I don’t know why educators belonging to the National Association of Graduate Teachers (NAGRAT) believe that they have any moral authority to condemn senior high school students for poor written-language skills. The problem may, indeed, have something to do with our children’s watching too many hours of movies and non-educational television programs. But I still think the bulk of the blame should be placed at the doorstep of both parents and teachers. And as I often tell my students, most teachers that I have known and befriended are also parents and/or guardians. In effect, what I am saying here is that the caliber of students that any society or nation produces directly correlates with the caliber of parenting experienced by our school-age children (See “English Language Deteriorating in SHS – NAGRAT” MyJoyOnline.com / Ghanaweb.com 8/24/15).
As one who grew up and experienced all types of educational settings and systems in Ghana, I have quite a good understanding of the situation.

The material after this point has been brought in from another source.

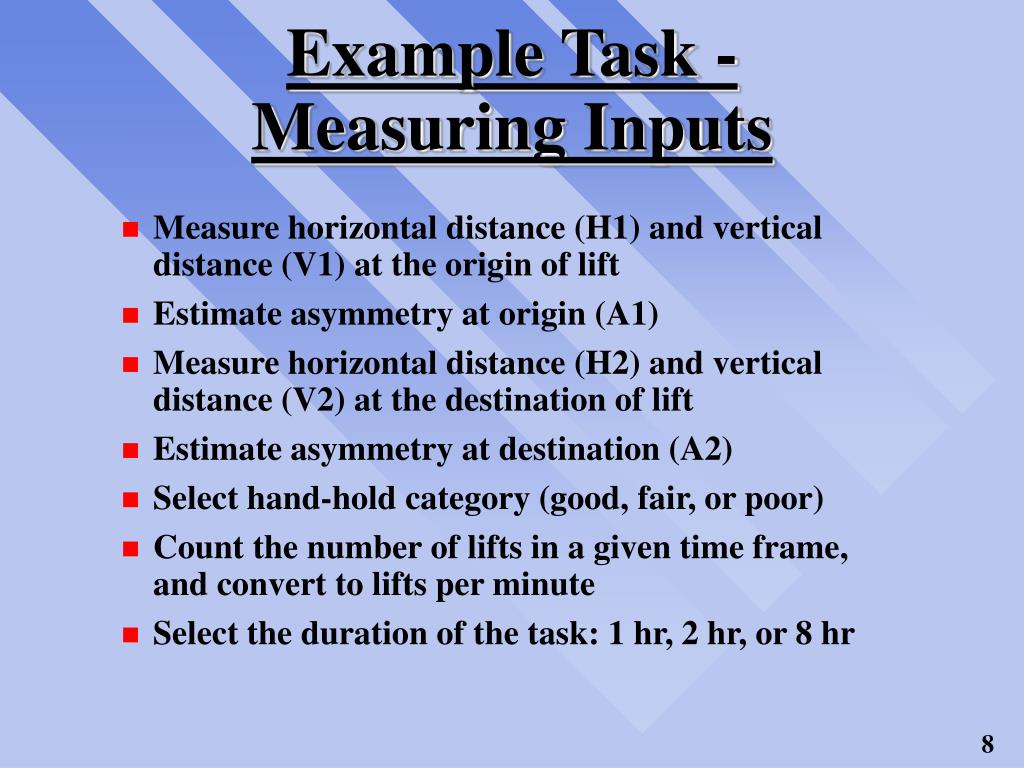 Example Task - Measuring Inputs • Measure horizontal distance (H1) and vertical distance (V1) at the origin of lift • Estimate asymmetry at origin (A1) • Measure horizontal distance (H2) and vertical distance (V2) at the destination of lift • Estimate asymmetry at destination (A2) • Select hand-hold category (good, fair, or poor) • Count the number of lifts in a given time frame, and convert to lifts per minute • Select the duration of the task: 1 hr, 2 hr, or 8 hr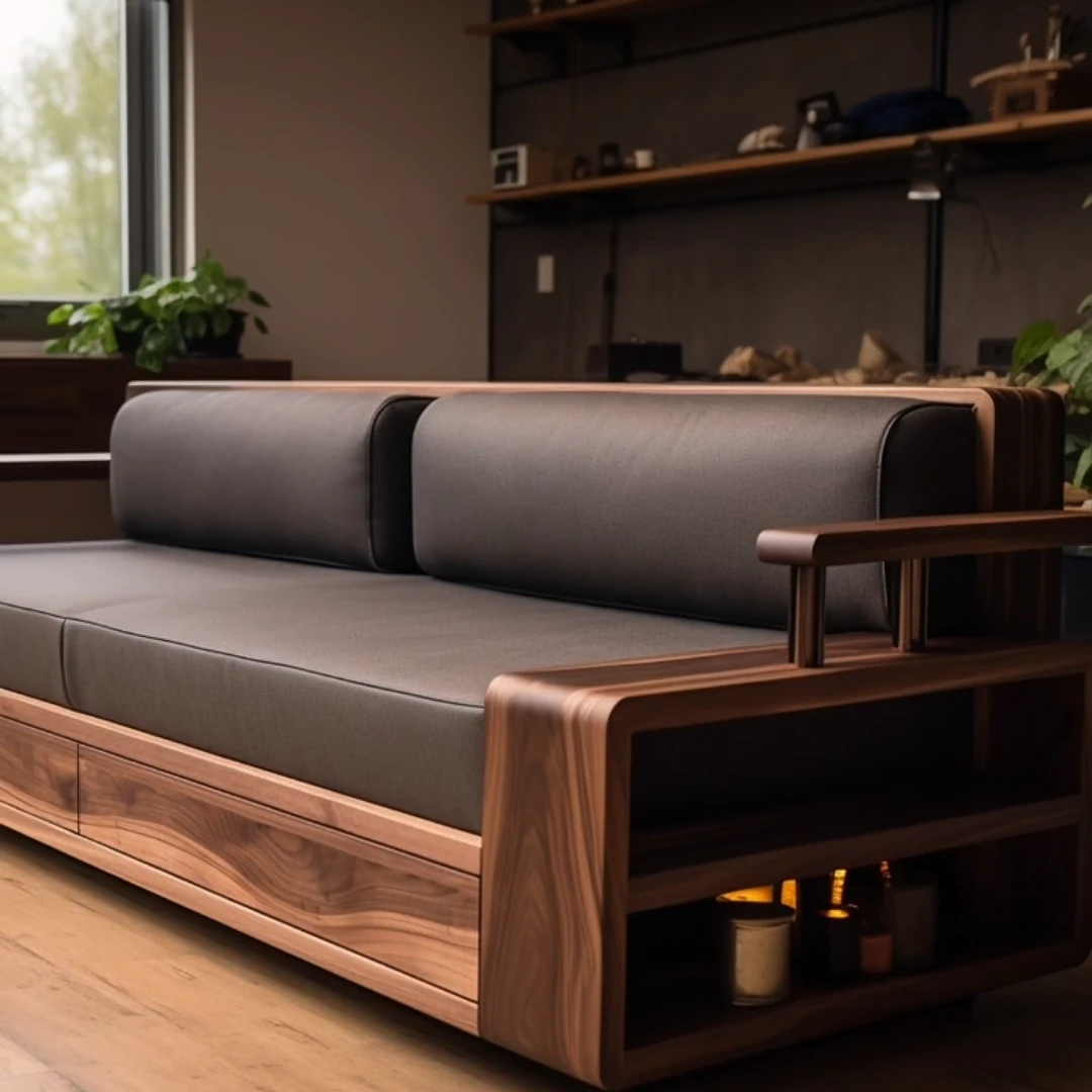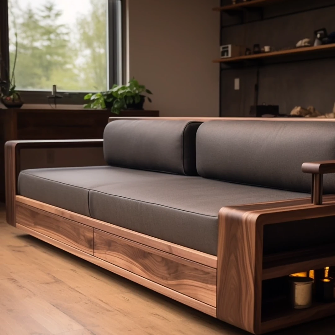 New Chinese Style North American Black Walnut Solid Wood Sofa - 2025 New Model for Small to Medium Living Rooms and Relaxation Spaces

For instance, my first three years of schooling were spent in rural Ghana in the late 1960s at Akyem-Kwabeng and Kankang-Jejeti (presently known as Sekyere). I had started my nursery or pre-k years at Asante-Mampong, where I had also been born. Then I had to do two years at the University of Ghana’s Staff-Village Primary School, a local authority-sponsored mini-academy; and then another two years at Akyem-Asiakwa Presbyterian Primary School, after which I attended Akuapem-Akropong Presbyterian Middle Boys’ Boarding School, better known as Akropong SALEM. I would also do five years at Okwawu-Nkwatia’s St. Peter’s Secondary School (PERSCO), and a partially aborted two years of “A-Level” at Prempeh College, Kumasi.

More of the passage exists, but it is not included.